Bool m_cacheowned = 0; // false ==> StringsourceproviderUstring m_source
{M_impl {m_ptr }}= 0x03c9a38c
Read the URL. Here is a stringimpl pointer:

(Lldb) Mem read 0x195ff3c8
0x195ff3c8: 06 00 00 00 3D 00 00 00
DC F3 5f 19 00 00 00 00 ...... = ....._.....

0x195ff3d8: 40 00 00 00 68 74 703a 2f 2f 62 31 2E 62 73 @... http://b1.bs
The string content is the address at the 8-byte starting address offset. Where: m_refcount = 0x06 ;( Offset: 0 byte) m_length = 0x3d ( Offset: 4 bytes) m_data8 or m_data16 = 0x195ff3dc ( Offset: 8 bytes)

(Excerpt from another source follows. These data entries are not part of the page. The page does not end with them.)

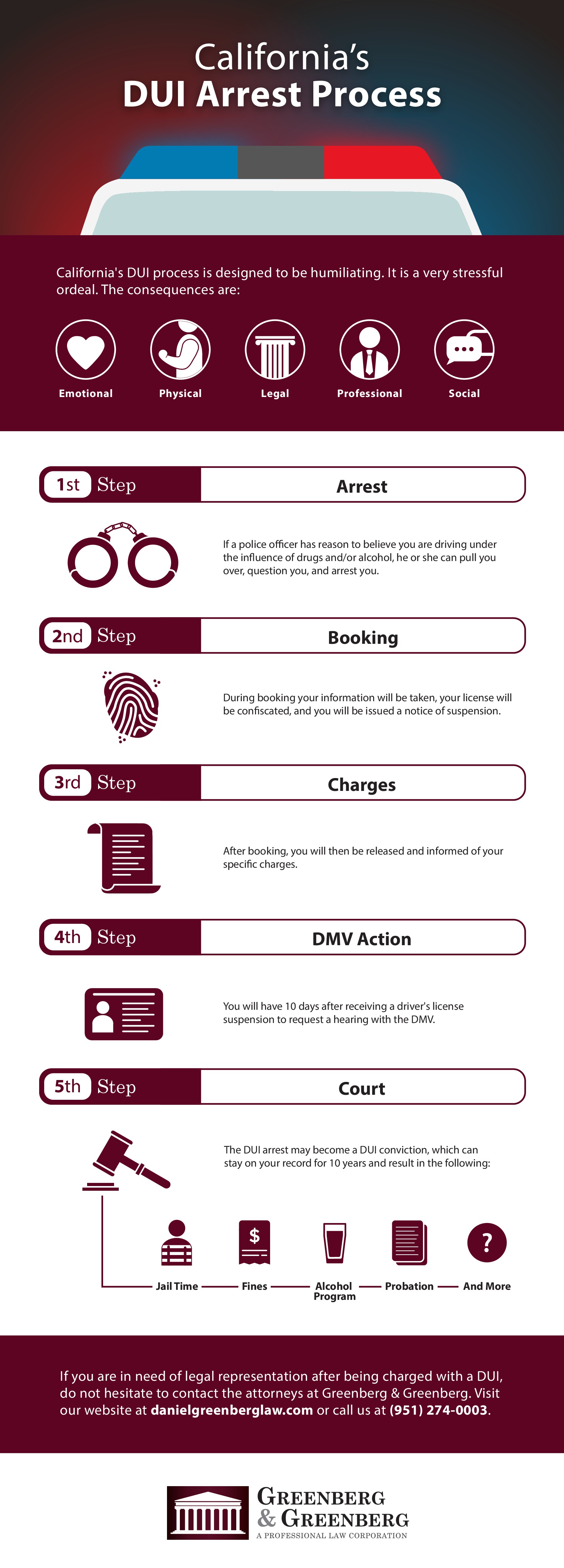 While a minority of DUI defendants are chronic, repeat offenders, and alcoholics, most people arrested for a DUI are ordinary people who made a mistake. Fortunately, with the help of the Riverside, California, DUI attorneys at Greenberg, Greenberg & Kenyon, first-time offenders can sometimes have their charges reduced or dropped. Few people ever expect to get arrested for drunk driving, so they often have a number of questions about what will happen next. Right now, it is important to arm yourself with all the information you can find.
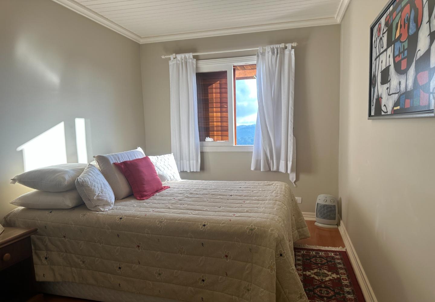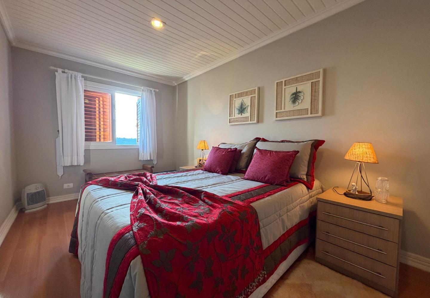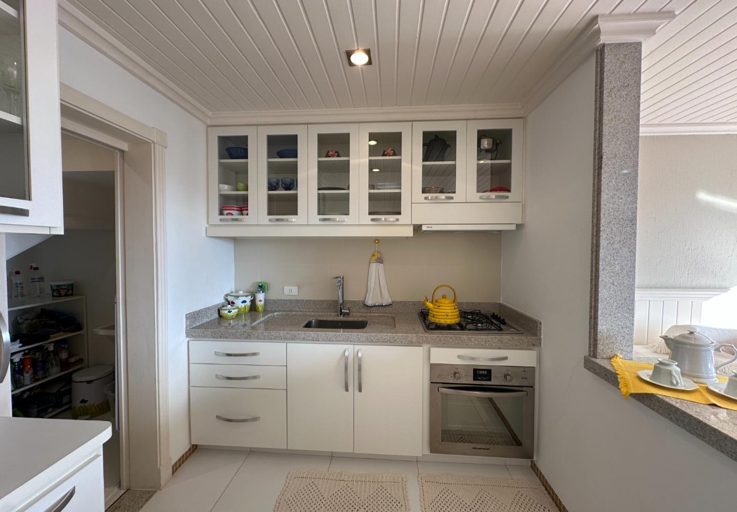A área social é bem distribuída, com sala integrada à varanda e grandes aberturas que trazem luz natural ao longo do dia. A lareira reforça o clima de serra e cria um ponto central agradável para os momentos mais tranquilos. A cozinha, com móveis planejados, se conecta de forma prática ao ambiente, mantendo funcionalidade no dia a dia.
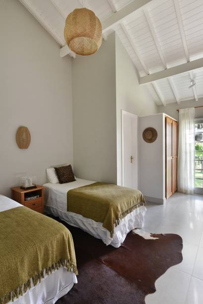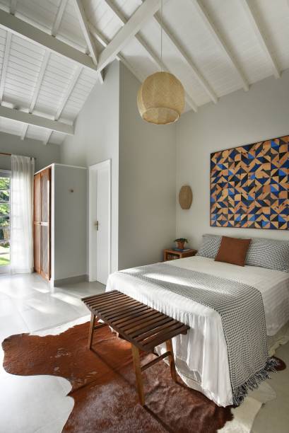 Nas referências implementadas no projeto de arquitetura de interiores, uma ampla variedade de elementos compostos por materiais naturais como a palha, bambu, madeira e barro marcam presença nas escolhas.
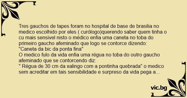 Tres gauchos de tapes foram no hospital de base de brasilia no medico escolhido por eles ( curólogo)querendo saber quem tinha o cu mais sensivel nisto o médico enfia uma caneta no toba do primeiro gaucho afeminado que logo se contorce dizendo:
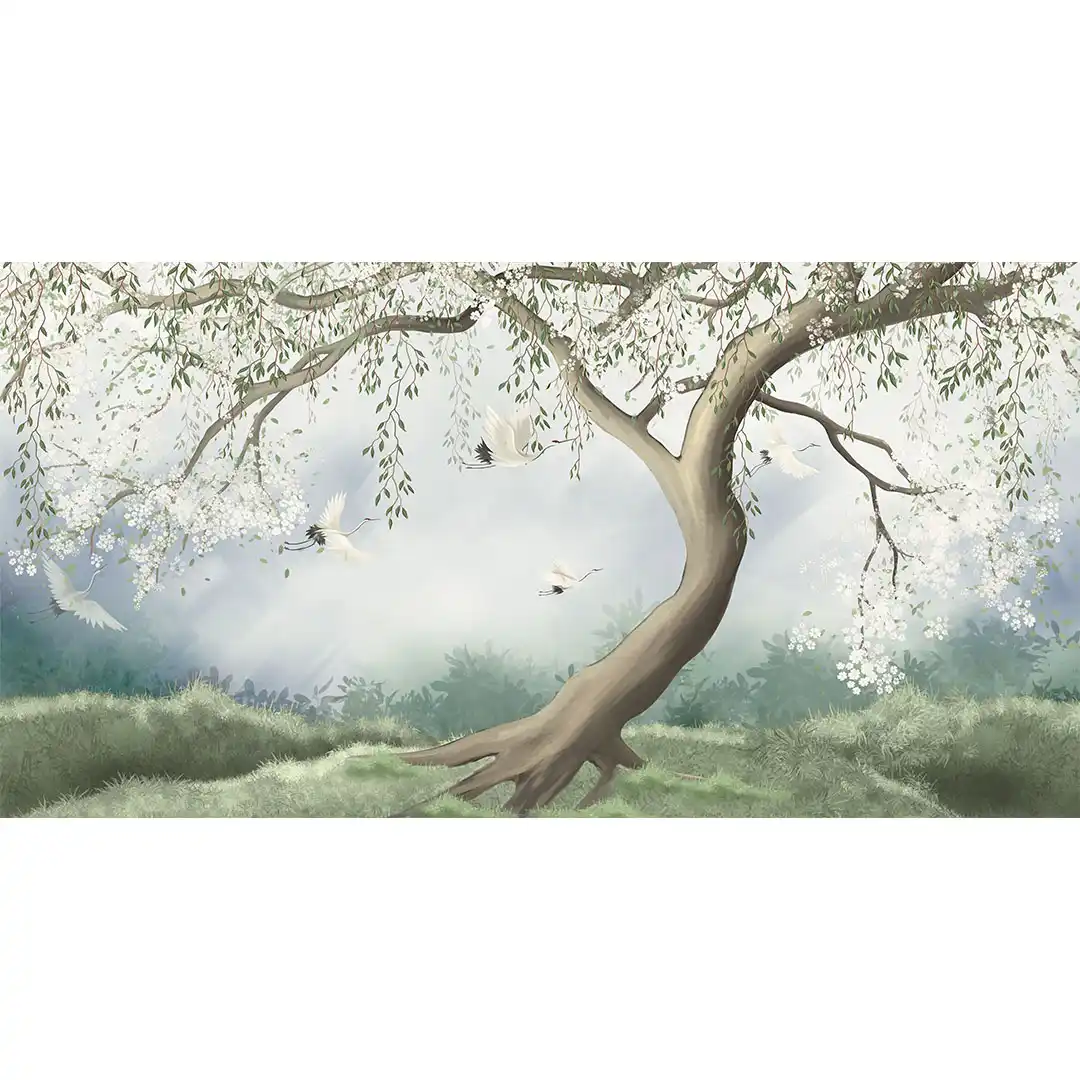 Fototapeta - Kwitnące duże drzewo żurawie do sypialni salonu na wymiar - biel zieleń, styl orientalny skandynawski boho
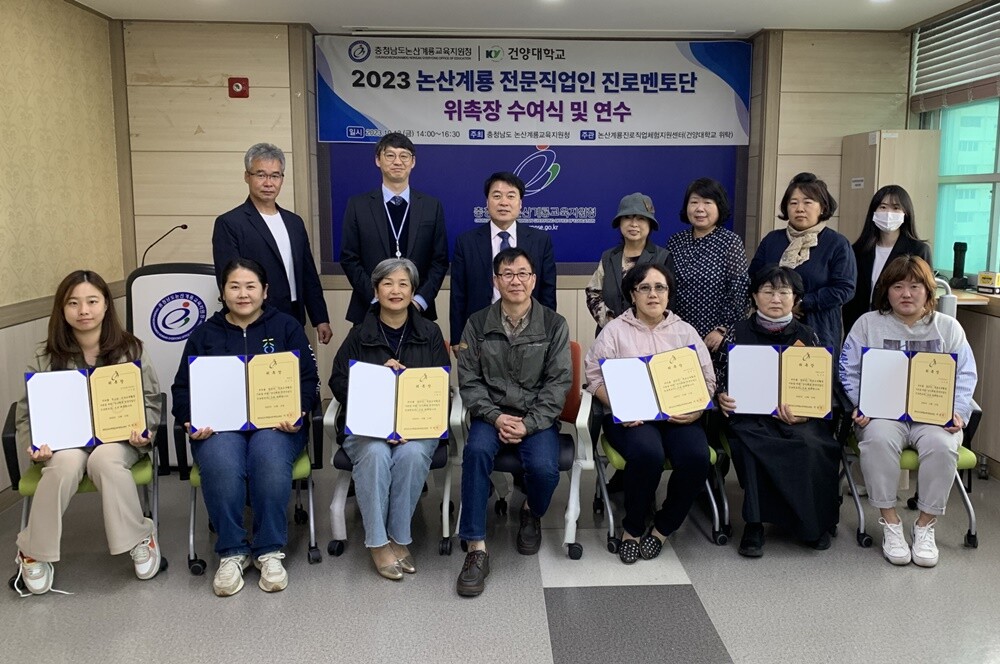 [대학저널 온종림 기자] 건양대학교가 위탁운영하고 있는 논산계룡진로직업체험지원센터가 13일 논산계룡교육지원청에서 ‘2023 논산계룡 전문직업인 진로멘토단 위촉장 수여식’ 및 연수행사를 진행했다.

Use the following command to output the complete URL:

(Lldb) Mem read '* (int *) ($ EBP + 16) + 8) + 8) '-C' * (int *) ($ EBP + 16) + 8) + 4)'
0x195ff3dc: 68 74 74 70 3A 2f 62 31 2E 62 73 74 2E 31 32 http://b1.bst. 12
0x195ff3ec: 36 2E 6e 65 74 2f 6e 65 77 70 61 67 65 2f 72 2f 6.net/newpage/r/
0x195ff3fc: 6a 2f 6D 2f 6D 2D 33 2f 70 6D 2E 6a 73 3f 76 3D J/M/M-3/PM. js? V =

0x195ff40c: 31 33 36 39 38 30 39 35 32 36 34 33 31 1369809526431 use the following command to read the complete script content (Lldb)  Mem read '* (int *) ($ EBP + 16) + 32) + 8 )'
-C '* (int *) ($ EBP + 16) + 32) + 4) * 2'

Reprinted please indicate the source: http://blog.csdn.net/horkychen

For more information about pods, see:
Pod types

For more information about virtual table, see virtual method table.

For more information about how to obtain parameters in disassembly, see here: Get the current instance handle in assembly language debugging.

Related Article

Contact Us

The content source of this page is from Internet, which doesn't represent Alibaba Cloud's opinion; products and services mentioned on that page don't have any relationship with Alibaba Cloud. If the content of the page makes you feel confusing, please write us an email, we will handle the problem within 5 days after receiving your email.

If you find any instances of plagiarism from the community, please send an email to: info-contact@alibabacloud.com and provide relevant evidence. A staff member will contact you within 5 working days.

A Free Trial That Lets You Build Big!

Start building with 50+ products and up to 12 months usage for Elastic Compute Service

  • Sales Support

    1 on 1 presale consultation

  • After-Sales Support

    24/7 Technical Support 6 Free Tickets per Quarter Faster Response

  • Alibaba Cloud offers highly flexible support services tailored to meet your exact needs.